Подход к сюжетной линии
Прекрасный сербский писатель XX–XXI веков Момо Капор — один из тех, чьи произведения читаются плавно и легко. Но при этом они далеко не свободно «проходимые», а призывающие задуматься. Наиболее рельефным подтверждением этому видится «Зеленое сукно Монтенегро. Повесть о Зуко Джумхуре и Осман-паше Сархоше» (1999 г.)
Вполне очевидно, что родившийся в боснийском Сараево и проживший там до 10-ти лет М. Капор не мог не впитать в себя сложившееся в Боснии разнообразие (если не сказать, сплетение) культур, верований и традиций. А значит, он прекрасно ориентировался в нравах и традициях конгломерата народов, населявших этот регион.
Данная тонкость отчетливо проявляется в его «Зеленом сукне…», хотя в названии повести фигурирует Монтенегро (Черногория). Но ведь и Черногория (впрочем, как все республики бывшей Югославии) — такой же своего рода разноликий и взаимопроникающий «людской сплав». Где, правда, в отличие от Боснии, мусульманский фактор практически не проявляется.
А причем тут исламский фон? — может спросить читатель. Все правильно, религиозная линия в повести напрямую не фигурирует, но она пронизывает произведение от начала до конца. И это имеет свою предысторию.
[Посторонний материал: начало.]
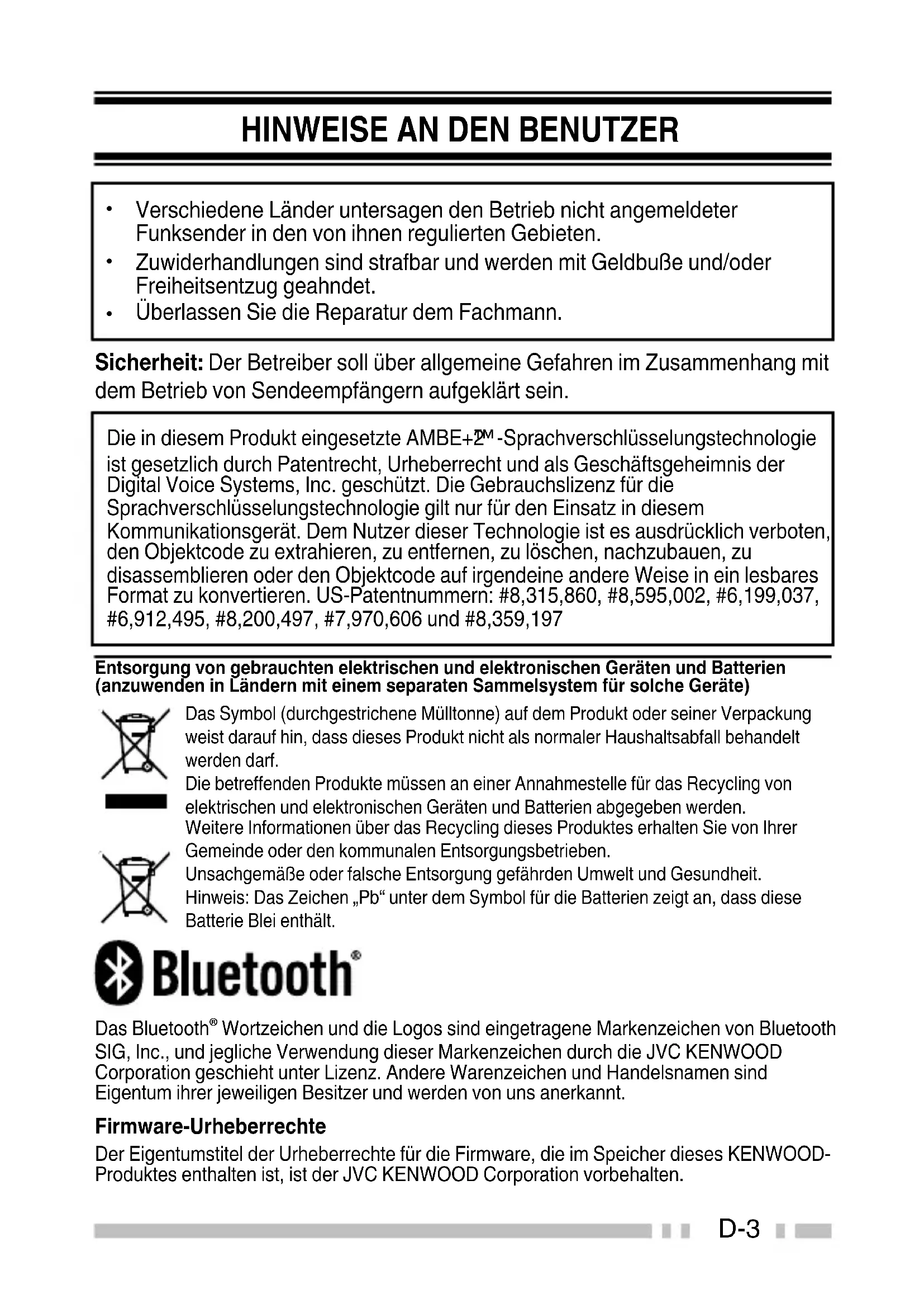 Das Bluetooth Wortzeichen und die Logos sind eingetragene Markenzeichen von BluetoothSIG, Inc., und jegliche Verwendung dieser Markenzeichen durch die JVC KENWOODCorporation geschieht unter Lizenz. Andere Warenzeichen und Handelsnamen sindEigentum ihrer jeweiligen Besitzer und werden von uns anerkannt. Firmware-Urheberrechte Der Eigentumstitel der Urheberrechte für die Firmware, die im Speicher dieses KENWOOD-Produktes enthalten ist, ist der JVC KENWOOD Corporation vorbehalten. D-3VORSICHTSMASSREGELN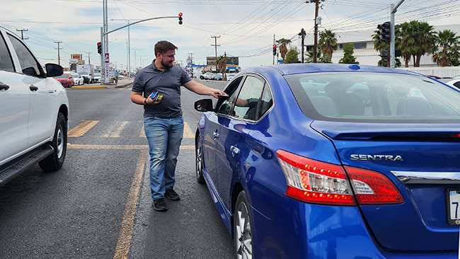 Cars stopped at intersections are a great place to hand out tracts!

Дело в том, что Зулфикар (Зуко) Джумхур (1921–1989), чье имя запечатлено в названии повести, — это историческая личность. Известный писатель, сценарист, художник, искусствовед ХХ века из Боснии и Герцеговины, он был другом М. Капора. В конце 1960-х годов они совместно готовили сценарий фильма «Зеленое сукно Монтенегро», причем, по признанию Капора, он «старался открыть в образах турок как можно больше утонченности и достоинства, а Зуко в ответ наделял христиан чертами, присущими лишь прирожденным джентльменам». К сожалению, дело не было доведено до конца, но спустя 10 лет после смерти Зуко Джумхура М. Капор представил публике произведение с одноименным названием, ни на йоту не подвергнув корректировке собственную позицию.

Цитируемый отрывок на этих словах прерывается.